Grands oraux. Mieux que le retrait de points sur la moyenne, ces deux mots offrent l’incroyable pouvoir, au professeur qui les emploie, de rassembler les foules étudiantes tout en les rendant attentives à son propos. Il faut dire que l’enjeu est égal à l’hyperbolisme de la formule : les grands oraux signent la dernière étape du cursus à Sciences Po, et sanctionnent une formation acquise au bout de cinq années d’études. L’ultime marche avant le grand saut professionnel (sans parachute), en somme.
Une marche bien savonneuse cependant, qui tient en trois sujets, trois fois quinze petites minutes pour y répondre, et dont on ne saisit l’ampleur qu’une fois que l’on s’y est frotté. Car, à moins d’être doté d’une mémoire prodigieuse à la mesure d’un Funès borgésien ou d’un indéfectible optimisme comme le célèbre héros voltairien, on ne peut être certain de tomber sur un thème dont on maîtrise toutes les implications.

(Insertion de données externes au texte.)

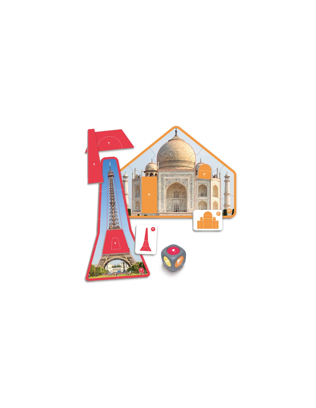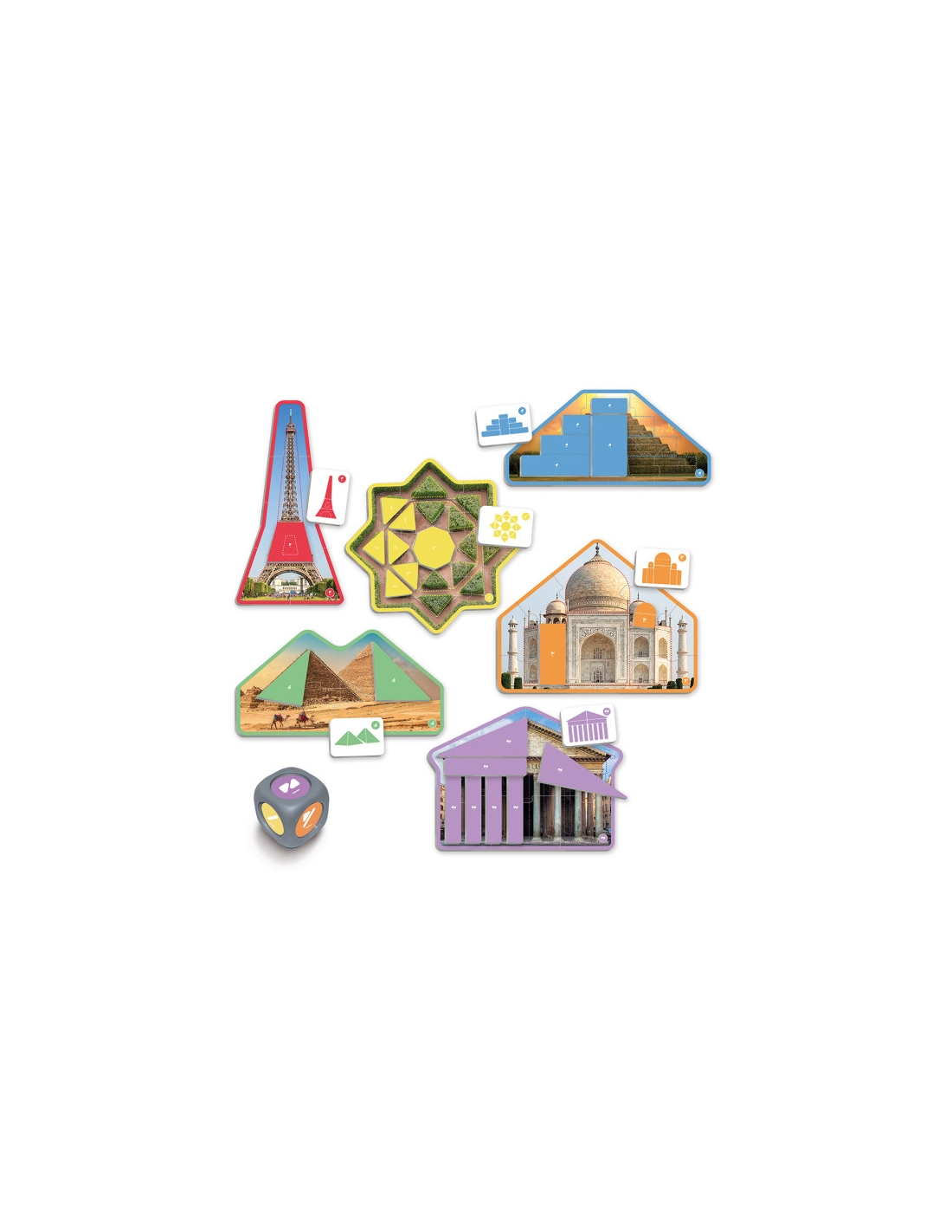 Jeu Memory grand format avec 34 cartes photos réelles présentant les plus beaux lieux et monuments du monde. Ce jeu de mémoire combine découverte géographique et développement de la concentration.

Les grands oraux supposent en effet d’être capable d’envisager les problématiques actuelles aussi bien que d’interpréter les citations des grandes figures de l’Histoire. Le tout en un laps de temps au cours duquel il vaut mieux mettre à profit toutes les références disponibles, quitte à recycler parfois quelques astuces de Comment parler des livres que l’on n’a pas lus de Pierre Bayard pour ne pas tomber en rade au bout d’une minute de présentation.
Mais, trêve de considérations matérielles : ce que les grands oraux nous invitent avant tout à considérer, avec la variété de leurs sujets, c’est l’ampleur de notre ignorance. Car, malgré cinq années d’études supérieures et, croyons-le, au moins autant de références plus ou moins bien maîtrisées, ce rite de passage permet de vérifier pleinement l’adage socratique, « je ne sais qu’une chose, c’est que je ne sais rien » et ce, même si l’on appose la mention Sciences Po à son CV. On aurait peut-être tort de l’oublier : car sans humilité, pas d’émerveillement, et le monde risque de devenir bien terne.